AUTH/2637/9/13 - Consultant Physician v Sanofi

Arrangements for a meeting

  • Received
    10 September 2013
  • Case number
    AUTH/2637/9/13
  • Applicable Code year
    2012
  • Completed
    13 November 2013
  • No breach Clause(s)
    2,18.1 and 20.1
  • Breach Clause(s)
    9.1
  • Sanctions applied
    Undertaking received
  • Additional sanctions
  • Appeal
    No appeal
  • Review
    November 2013

Case Summary

​A consultant physician complained about the arrangements for a meeting organised by Sanofi.

An email from Sanofi invited the recipient to attend the Lyxumia Speaker Club to discuss the key data for Lyxumia with one of the lead investigators followed by an afternoon of professional development. The email also stated that the company was able to offer to pay £1000 for attending as it viewed the meeting as preparation for any Lyxumia talks to be delivered at meetings which the local sales team would organise. Payment would be made in 2 equal amounts at the first 2 talks delivered along with honoraria.

The complainant noted that he had been offered £1,000 to attend a class on Sanofi's new medicine, Lyxumia. This was justified on the grounds that it was training to allow him to deliver talks about Lyxumia in the future. The complainant stated that he had never had any plans to talk about Lyxumia and had not requested such training. The complainant alleged that the activity was a thinlyveiled attempt to pay him to attend a meeting with the primary purpose of marketing.

The detailed response from Sanofi is set out below.

The Panel noted that according to the agenda, the meeting commenced with coffee at 9.45am. 'Workshop 1 – Lyxumia slide kit' ran from 10.00am- 12.30pm, a Q&A session with the training faculty after lunch from 1.15pm-1.45pm. The development workshops ran from 1.45pm to 4.15pm with a 15 minute coffee break and included conflict management, critical appraisal of clinical papers, health economics for non economists, media training and writing successful business cases.

The Panel noted that the complainant's submission that he/she had no, nor had ever stated any, plans to talk about Lyxumia. This appeared to be contrary to Sanofi's submission that those invited had either given verbal agreement prior to being sent the email or had shown interest in being a speaker for Sanofi on another diabetics topic.

The Panel queried why Sanofi had not contracted specific speakers before inviting them to attend one of the speaker club meetings rather than broadly inviting a mixture of health professionals, some of whom might go on to carry out speaker services and some of whom might not. Nonetheless, the Panel noted that payment for attending the Lyxumia speaker club meeting would only be made to the health professional on completion of the first two speaking engagements. The payment was a fee for service. It had not been offered or promised to those attending the meeting in connection with the promotion of Lyxumia as alleged. The Panel, on this narrow ground, ruled no breach of the Code.
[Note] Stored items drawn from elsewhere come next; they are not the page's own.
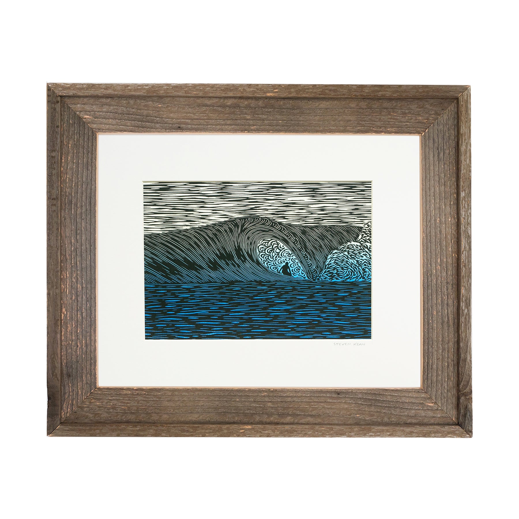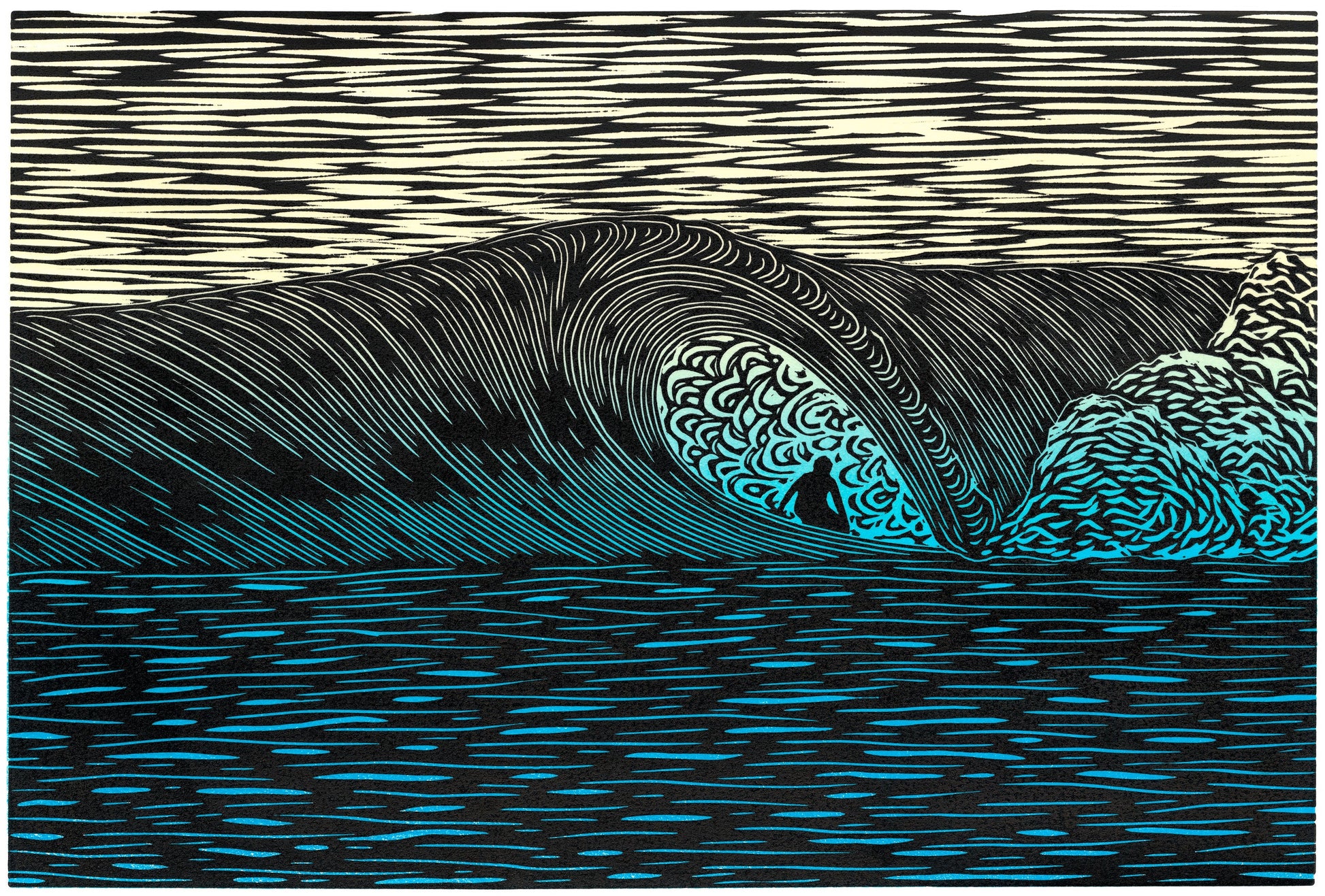 One of Kean's most popular images, the original 'Ghost in the Machine' measures 22"x30" and was created using the woodcut method of relief printmaking with an added color blend monoprint.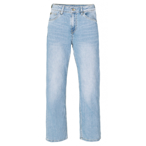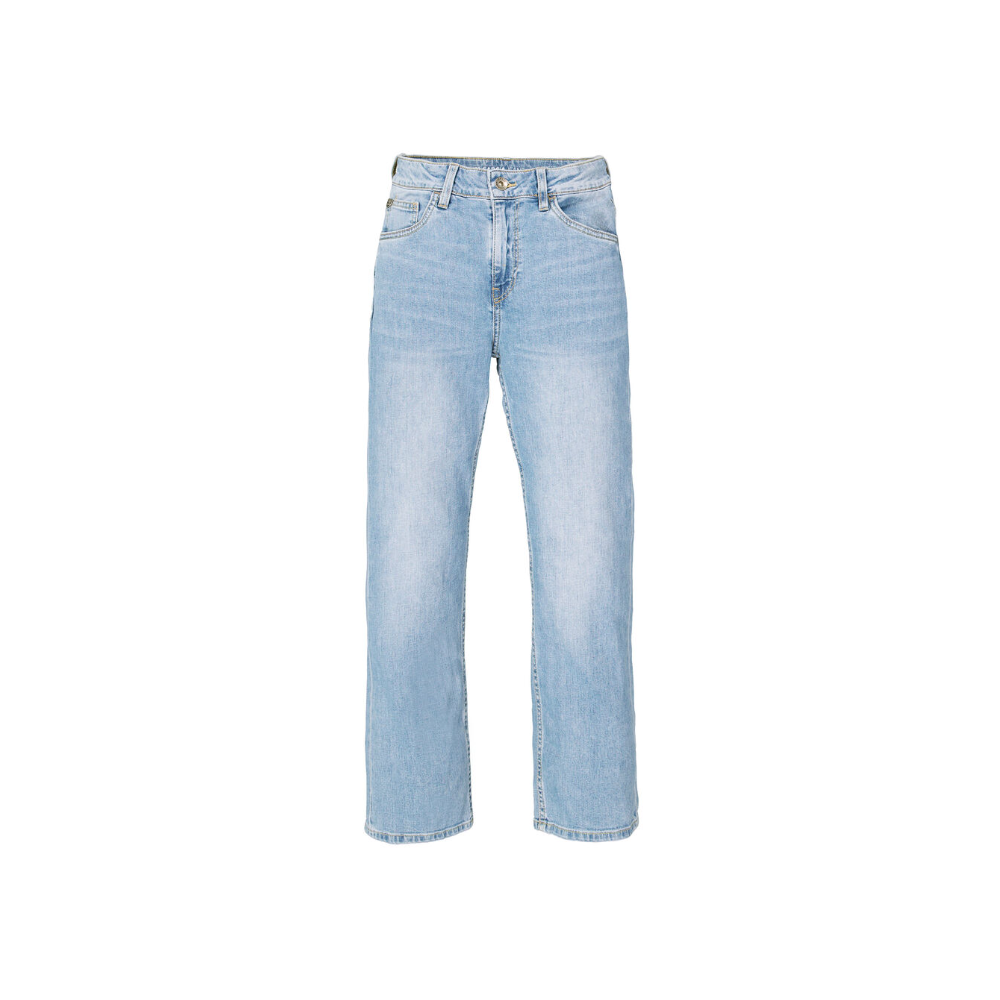 Jean droit, ce modèle est plus ample au niveau du haut de la cuisse et a une jambe tendue, ce qui le rend plus lâche autour du mollet et de la cheville. Ce jean à 5 poches ont une taille décontractée et un bouton et fermeture éclair avec une ceinture réglable.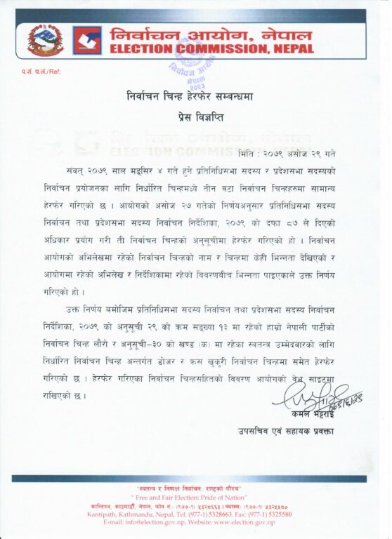 आयोगले शनिवार विज्ञप्ती जारी गर्दै ४ मंसिरमा हुने प्रतिनिधिसभा सदस्य र प्रदेशसभा सदस्यको निर्वाचन प्रयोजनका लागि निर्धारित चिन्हमध्ये तीन वटा निर्वाचन चिन्हमा सामान्य हेरफेर गरिएको जनाएको हो ।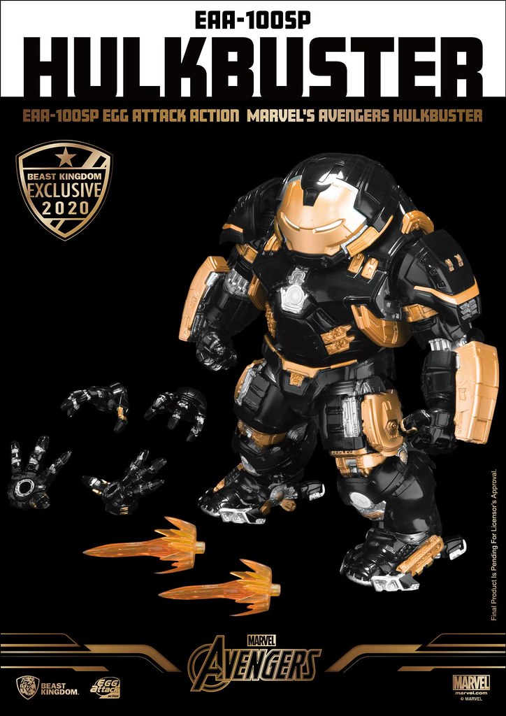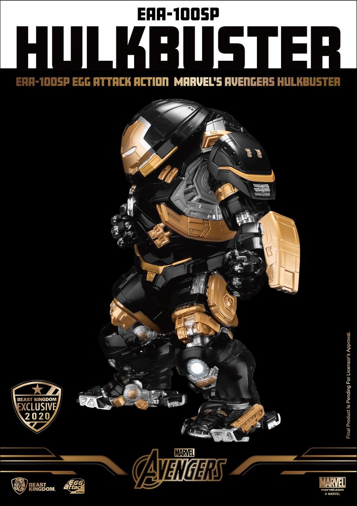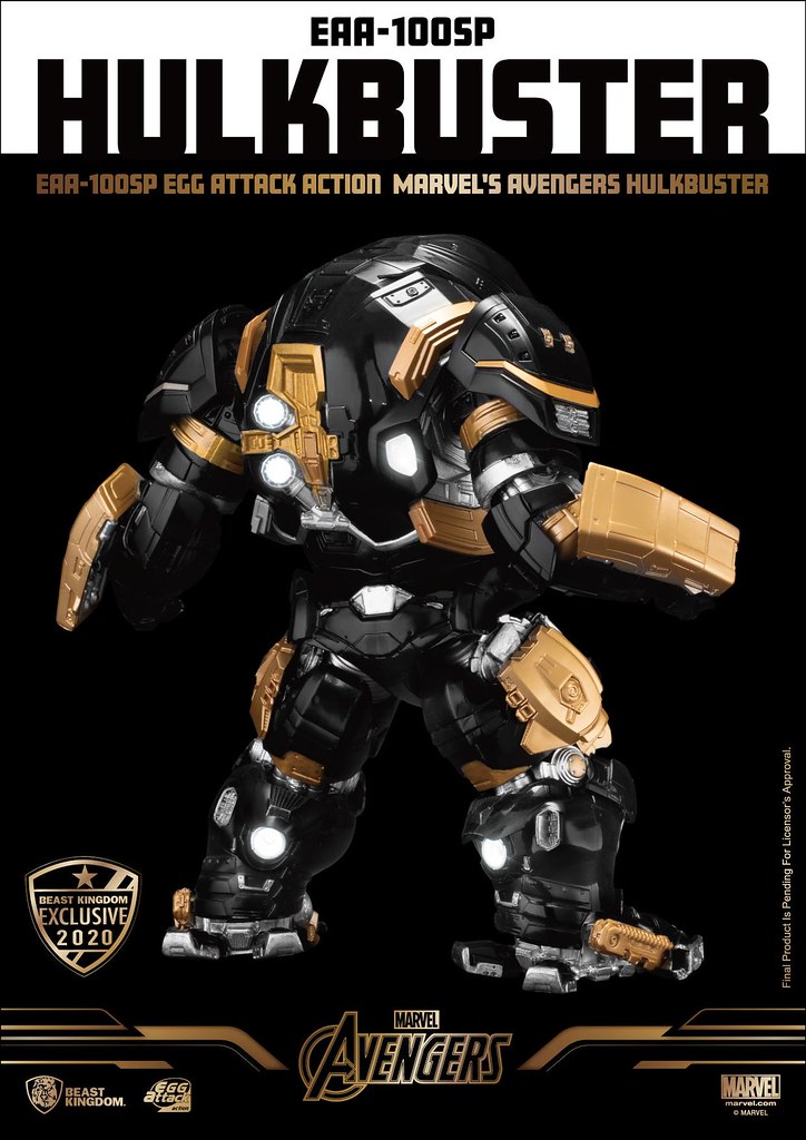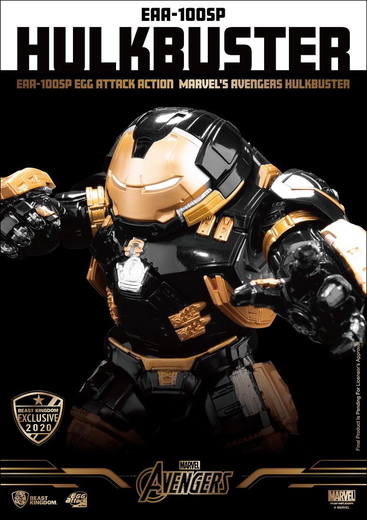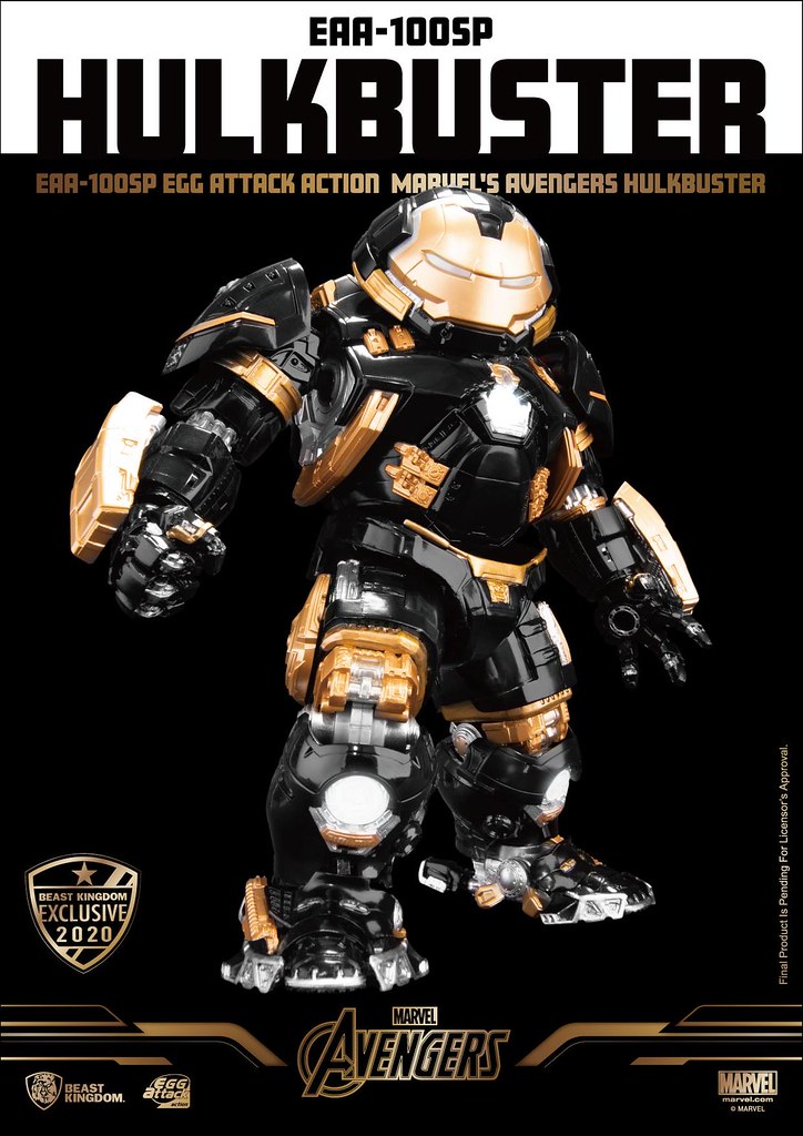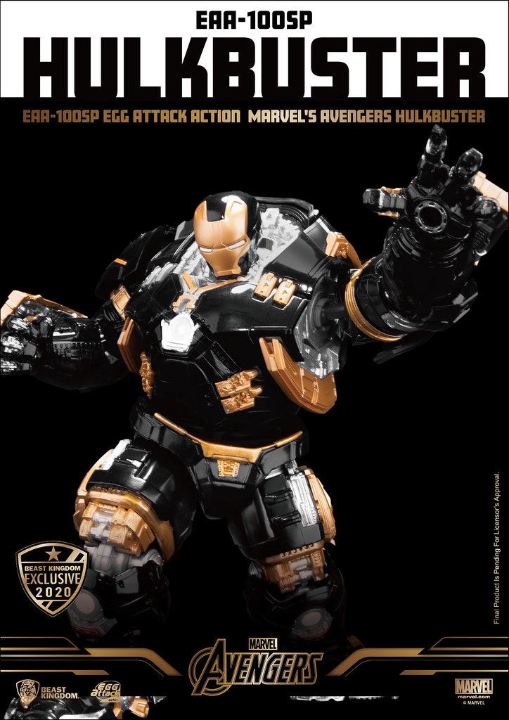 由台灣玩具品牌野獸國(Beast Kingdom)發行,以獨特 Q 版造型、高度可動性為賣點的「Egg Attack Action(EAA)」系列在日前推出重量級的「浩克毀滅者」之後,再度以全新配色發行限量版本的「浩克毀滅者(Hulkbuster) 黑金配色」!全球限量 1000 組,預計將於 2020 年第三季發貨。

The Code required that the hiring of a consultant to provide a relevant service must not be an inducement to prescribe, supply, administer, recommend buy or sell a medicine. The Panel noted its comments and the ruling above of no breach in relation to the payment. Whilst the Panel had some concerns about the arrangements it did not consider that the arrangements had failed to satisfy these requirements on the narrow ground alleged. No breach was ruled.

The Panel queried whether the invitation was sufficiently clear about the arrangements. The subject title of the email read 'Lixisenatide data review meeting' and this in the Panel's view implied that it was referring to a normal promotional meeting. This impression was compounded by the first two paragraphs which described the speaker club as a discussion of the key Lyxumia data with a lead investigator. It only became clear in the third paragraph that invitees were being asked to attend as consultants and they would be paid as such. A reader glancing at the email might get the impression that a £1000 fee was payable for attending a Lyxumia promotional meeting. Indeed this was the complainant's impression. Such an impression was unacceptable. The Panel considered that Sanofi had failed to maintain high standards and a breach was ruled.

The Panel noted its rulings above and did not consider the circumstances warranted a ruling of a breach of Clause 2 which was reserved as a sign of particular censure. No breach of Clause 2 was ruled.